Attacks of acute porphyria
were much more common 20-30 years ago than they are now. Phenobarbital and other barbiturates were usually implicated. At
that time, these drugs were commonly used as tranquilizers and sleeping pills. Many attacks of porphyria were not recognized
until they were very advanced and barbiturates had been given for many days or weeks. Therefore, those who had porphyria and
were not yet diagnosed were at considerable risk from what was then common medical practice. Severe attacks of porphyria are
now less frequent, partly because barbiturates are seldom prescribed. Thus, the decline in use of barbiturates has contributed
greatly to improving the prognosis for patients with acute porphyrias. Barbiturates have been largely replaced by benzodiazepines,
which are much less hazardous in porphyria. Commonly used benzodiazepines include chlordiazepoxide (Librium), diazepam (Valium),
triazolam (Halcion) and oxazepam (Serax). It may be that benzodiazepines are harmful in porphyria if large doses are taken,
however, small or occasional doses seem to pose little risk in most patients.
Other drugs are still
important causes of porphyria attacks. The major ones are listed in the Drug Table. After a diagnosis of acute porphyria is
established, patients generally do well, at least in part, because they avoid harmful drugs.
Many drugs that make
porphyria worse do so by increasing the synthesis of heme and its precursors in the liver. When the liver in a patient with
acute porphyria is induced to make more heme, the genetic block in the pathway (the heme biosynthetic pathway) becomes exaggerated
and heme precursors accumulate. Heme made in the liver is used mostly to make certain enzymes found in the cytochrome P450
(a metabolic pathway). Therefore, when a drug causes the liver to make more cytochrome P450 enzymes, it induces the liver
to make more heme precursors, and then an exacerbation of a genetic porphyria can follow.
An increase in cytochrome
P450 can also have unfavorable consequences in people who do not have porphyria. Cytochrome P450 enzymes assist in removing
many drugs from the blood stream. When these enzymes are increased, the clearance of such drugs from the blood is also increased.

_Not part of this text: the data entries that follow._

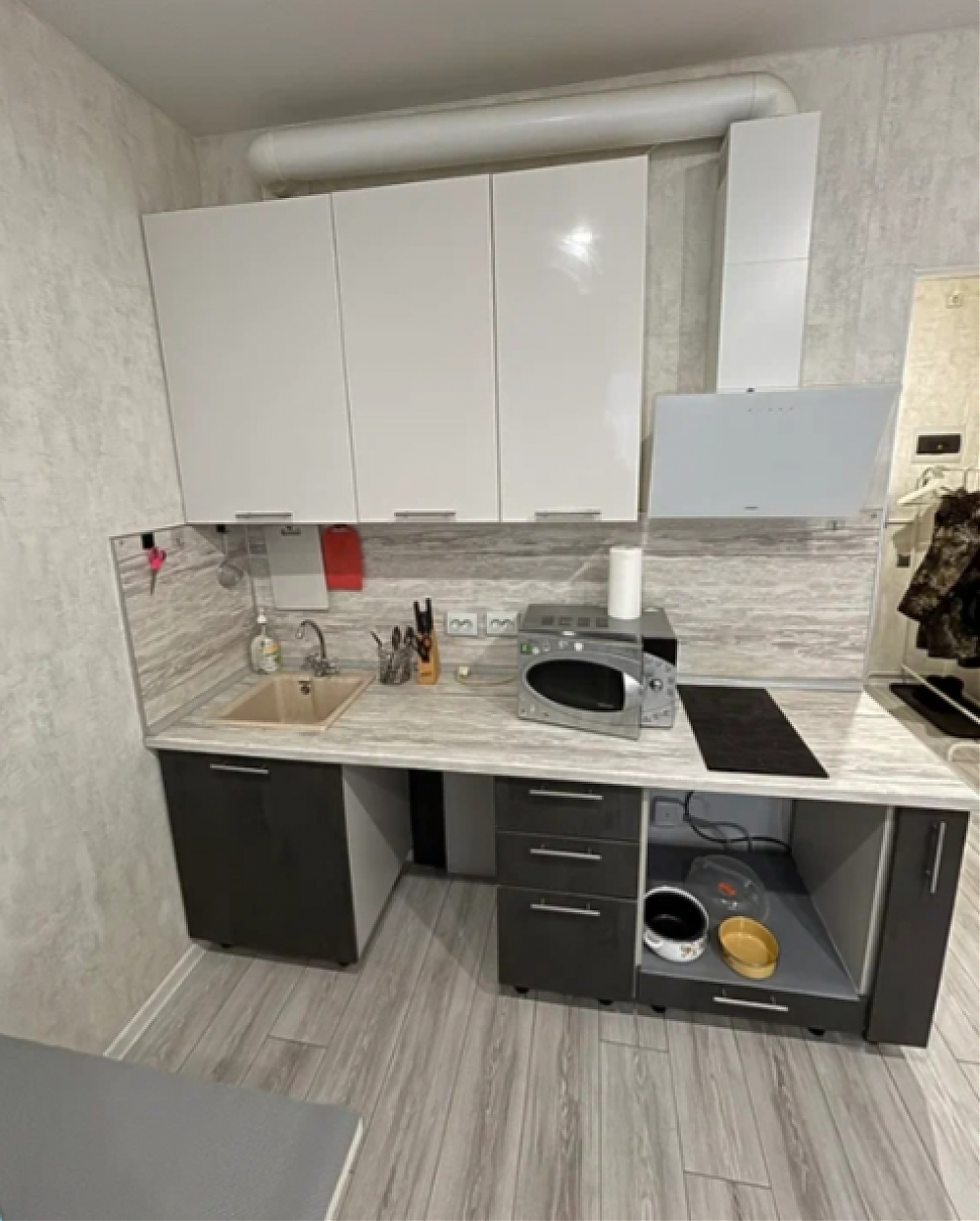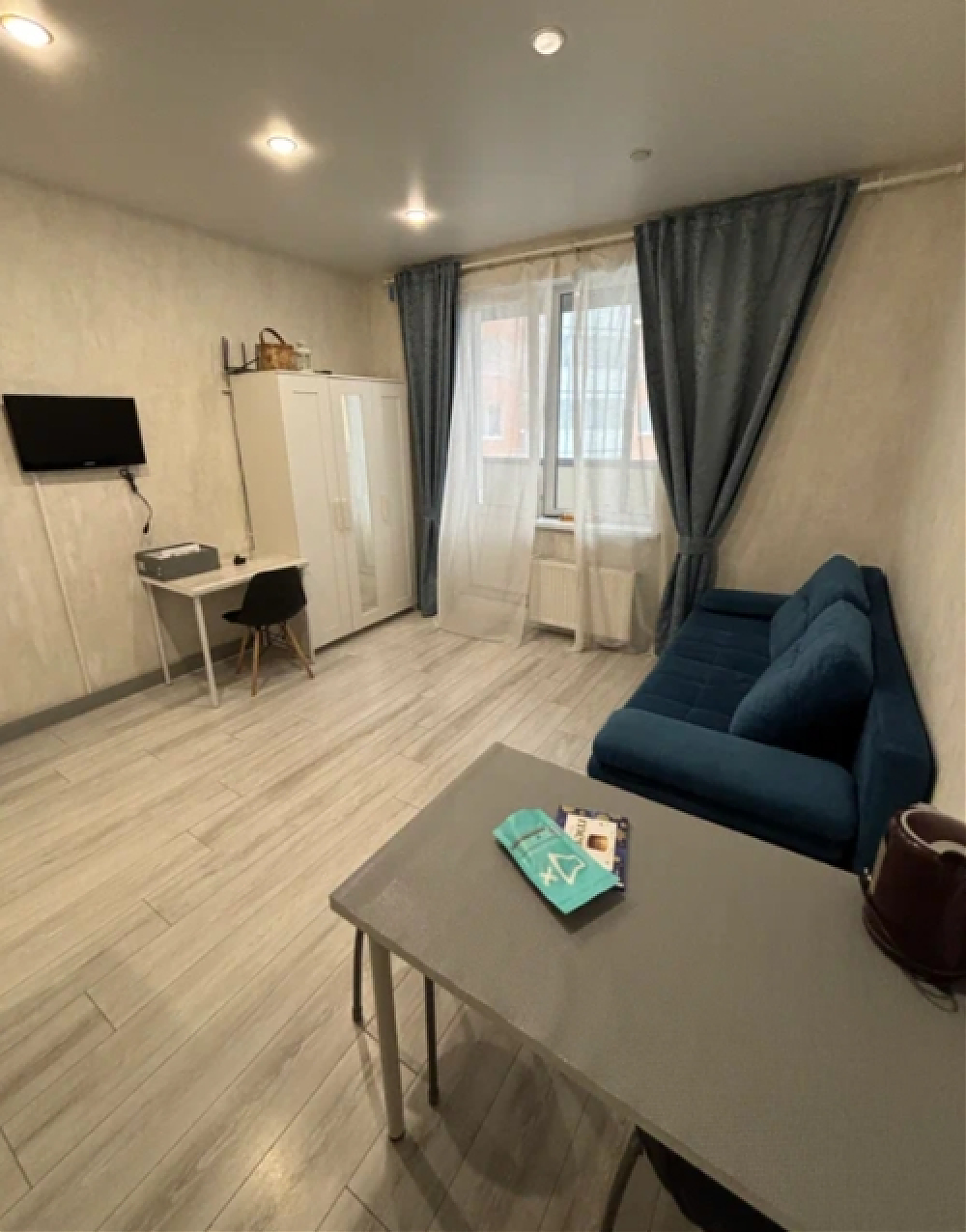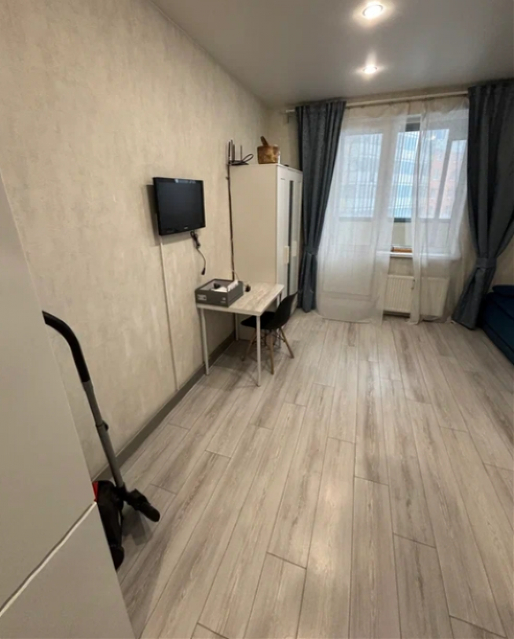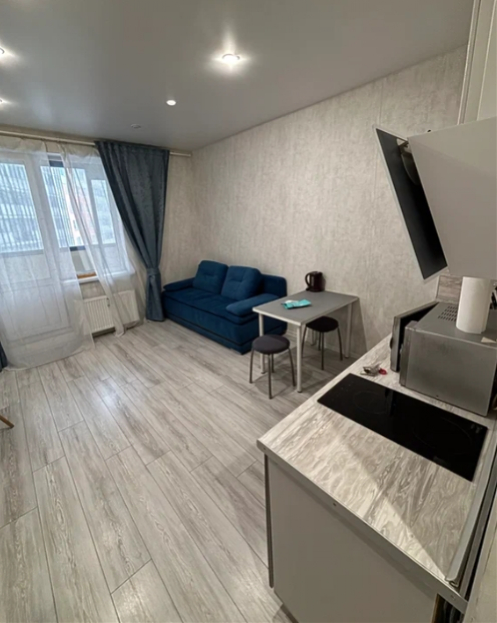 Сдаётся студия на длительный срок. Разрешено проживание с детьми и питомцами (по согласованию). Квартира находится на 13 этаже из 24, оснащена двумя пассажирскими и двумя грузовыми лифтами. Внутри есть всё необходимое для комфортного проживания: холодильник, чайник, микроволновка, индукционная плита, стиральная машина, телевизор, wi-fi, пылесос. Из мебели — шкаф, рейл для одежды, обеденный стол, рабочий стол, стул, 2 табуретки и диван. Через время докупим духовку и помудомойку. Кухня оборудована современной техникой и обеденной зоной. Санузел совмещённый. Балкон застеклён, с видом на городские пейзажи. Парковка открытая во дворе.
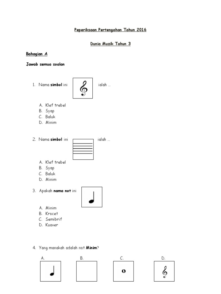 Ujian Pertengahan Tahun 2017 Dunia Muzik Tahun 3 Nama Kelas Bahagian A 10 Markah
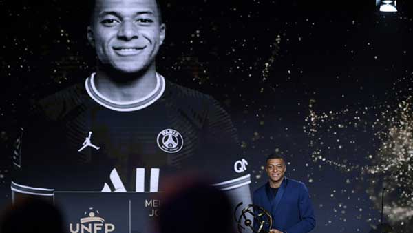 El delantero del Paris Saint-Germain Kylian Mbappé recibe el premio de Mejor Jugador de la Liga 1 francesa el 15 de mayo de 2022 en París.
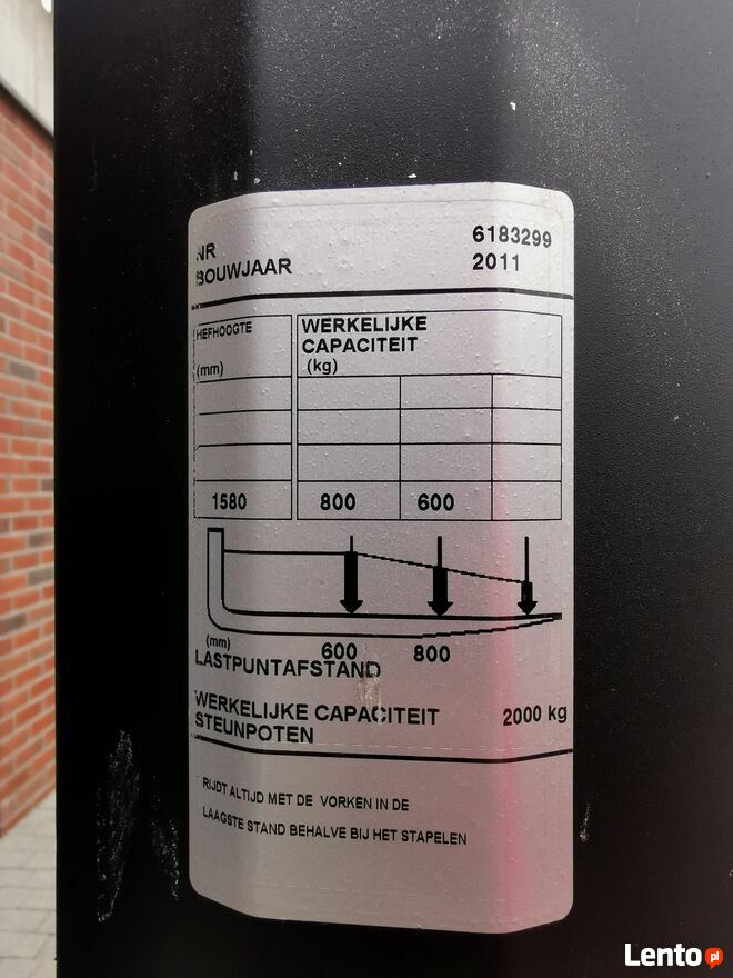 Maksymalna masa podnoszonego towaru na wysokość 1580 mm: 800 kg

Therefore, a drug that increases cytochrome P450 enzymes can shorten the effects of other drugs that a patient is taking at
the same time. This makes the other drugs less effective. It is well known, for example, that barbiturates increase the amounts
of cytochrome P450 enzymes in the liver and alter the effects of other drugs.
Fortunately, many drugs
do not increase the synthesis of cytochrome P450 enzymes and are, therefore, likely to be safe in porphyria. However, a drug
that does not induce cytochrome P450 enzymes and heme synthesis in the liver may worsen porphyria through other mechanisms.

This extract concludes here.